Die neu entdeckte Sportlichkeit

Natürlich trugen die Rennerfolge ihren Teil zu dem Erfolg des ersten wirklich sportlichen Mercedes bei. Insgesamt betrachtet, machte es aber die gekonnt in Szene gesetzte Mischung aller Eigenschaften dieser Fahrzeuge aus. Ein Mercedes, mit Tugenden wie Solidität und Wertbeständigkeit versehen, wurde somit zum Erfolg geführt. Technisch anspruchsvoll und in dieser Disziplin vorreitend wie eigentlich alle Mercedes der Firmengeschichte.

Gerade die 16-Ventil Modelle des 190er ließen zu, dass die Stuttgarter Nobelmarke auch von der sportlichen Seite her betrachtet wurde und bis heute wird.

 

Erinnerungen bleiben – geprägt von perfekten Momenten mit einem besonderen Automobil

Mit Autos ist es manchmal wie mit Menschen. Den Besonderen begegnet man wahrscheinlich nur einmal im Leben.
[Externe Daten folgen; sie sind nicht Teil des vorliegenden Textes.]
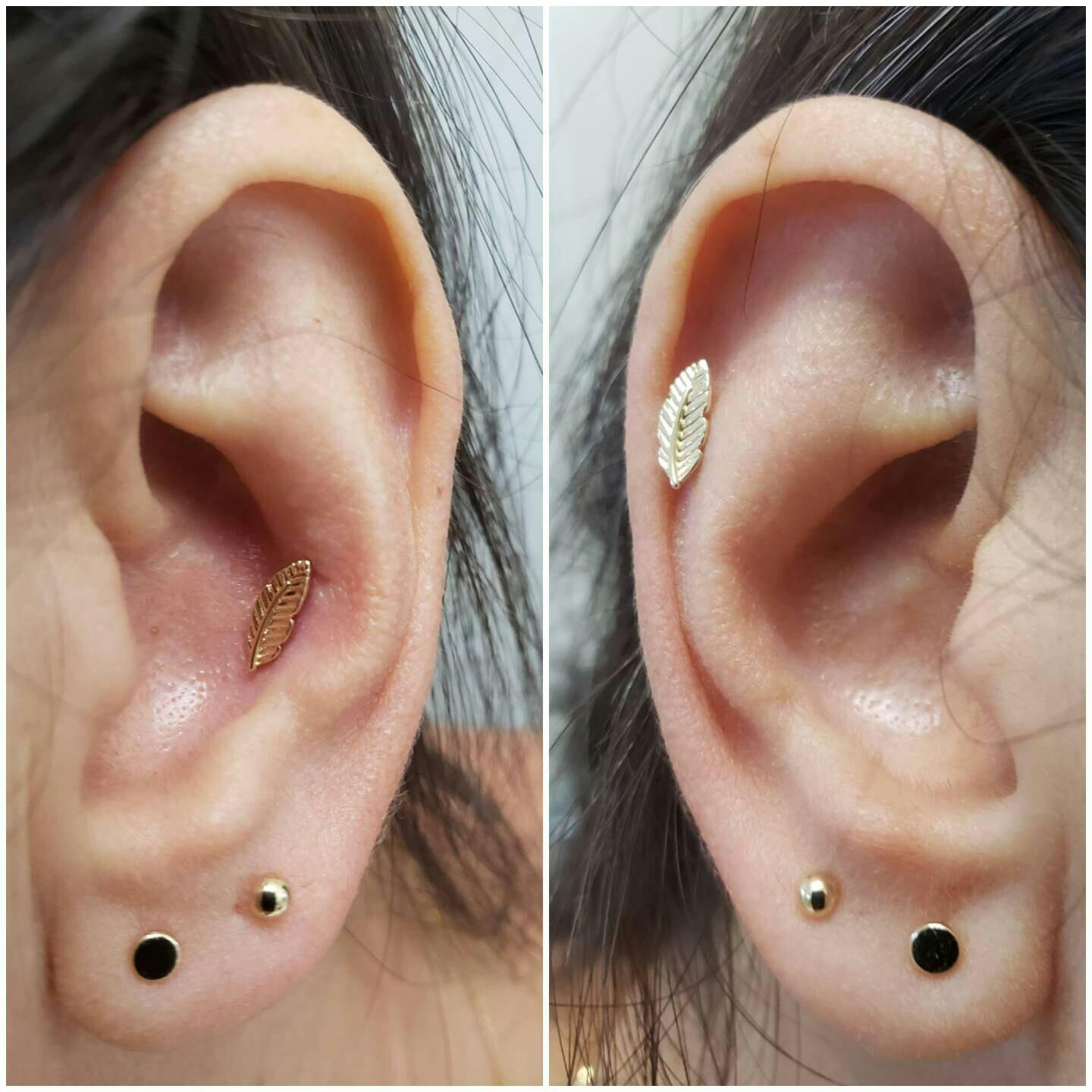 Just got these and I immediately cleaned them and put them in. I love the little feathers and how they look with my gold disks and half balls as pictured. They are the right size to fit in the fold of my low helix piercing but still look good in my conch on the other ear. I have purchased a handful of styles from this seller and the shipping is always fast and the quality is always good. They are nicer in person, very shiny. I only wish they had more right and left styles for symmetrical piercings like my lobes. The ball back is comfortable and the 18g is versatile. Please, more of these plain gold styles with no cz sparkly stuff!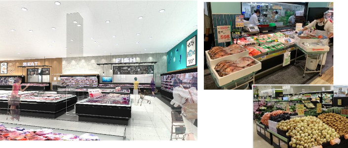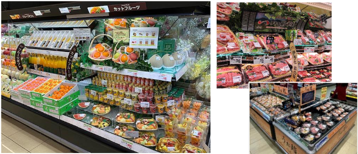 生鮮各コーナーでは、オープンキッチンを導入して市場のような賑わいを演出していく。そのうえで地産地消・旬の商品を拡充する。青果コーナーでは季節ごとのフルーツやカットフルーツ商品を、精肉コーナーでは、こだわりの飼育方法で育てられた伊予牛「絹の味」を、鮮魚コーナー「うお鮨」では、愛媛県産の養殖魚を扱う。

Im Falle des 190E 2,3-16 entwickelte sich für mich Anfangs der Eindruck von den Sportkarositzen fast schon zangenartig eingebettet worden zu sein. Oder dass ich durch den damals neuartigen Hub-Scheibenwischer den Regen anders wahrnahm.

Die Leistung dieses Fahrzeuges im Sportdress ließen mich oft voller Vorfreude auf die Dunkelheit warten. Aber genau derartige Augenblicke waren die perfekten Momente.

Momente, die dieses Auto zu dem erwähnten, Besonderen machten.

Mercedes-Benz 190er-Modellreihe

Dennoch können diese Zeilen nicht ansatzweise das wiedergeben, was ich damals durch den sportlich ausgerichteten Baby-Benz gefühlt und erlebt habe.

Für den Autohersteller Mercedes läutete dieses Modell eine Zeitenwende ein. Es setzte ein Zeichen, welches die Freunde anderer Marken aufsehen ließ. Sie richteten plötzlich den Blick auf dieses Modell.